I didn’t watch it again until tonight. I now am quite familiar with the film’s reference points and I think twenty years of distance has given me perspective on that particular wave of horror (it was mostly not very good) and so I found myself rather enjoying it. Don’t get me wrong, it is still not a great film, but it’s an enjoyable one.

Plotwise it takes a lot from Invasion of the Body Snatchers, but sets it mostly inside a high school where initially the teachers are the aliens and the kids are all that’s left to save humanity. And not just any kids, the outcasts, the freaks, and the nerds.
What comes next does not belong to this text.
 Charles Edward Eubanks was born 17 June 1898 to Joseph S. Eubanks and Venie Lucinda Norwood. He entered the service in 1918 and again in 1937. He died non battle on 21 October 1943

Wood is the book-smart nerd who everyone picks on. Hartnett is the drug-dealing tough kid. Duvall is the put-upon shy kid who wears all black and might be a lesbian (in 1998!) The teachers (including a goatee-wearing Jon Stewart, Piper Laurie, Famke Jannsen, Salma Hayek, Bebe Neuwirth, and Robert Patrick – geez this cast is stacked) get controlled by these little alien worm things and are out to invade the entire world.
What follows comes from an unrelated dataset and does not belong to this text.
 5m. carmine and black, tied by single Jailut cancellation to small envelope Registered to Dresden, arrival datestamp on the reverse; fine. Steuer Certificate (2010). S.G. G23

Williamson’s script is smart (but not nearly as smart as he thinks it is, not Scream smart) and Rodriguez’s direction is steady. The cast is mostly great. Overall it is a pretty good little horror film with some nice comedic moments

When I started this review I noted that The Faculty was very much a movie of its time. Unfortunately, that time has not aged very well. The CGI effects look bad. There is a scene that directly references a scene from The Thing. Actually, there are a couple of them, but this particular scene apes some very effective practical effects from that John Carpenter film, but here they are all computer generated and they look terrible.

It is a Miramax film, which of course was run by Harvey Weinstein. Danny Masterson has a small role (his character is simply named F’%# Up #1 which is appropriate, I guess) and freaking Harry Knowles has a cameo so call this a sex pest trifecta.

If you can get past all of that, I think it is worth seeking out, especially if you are a fan of late 1990s horror and somehow missed this one.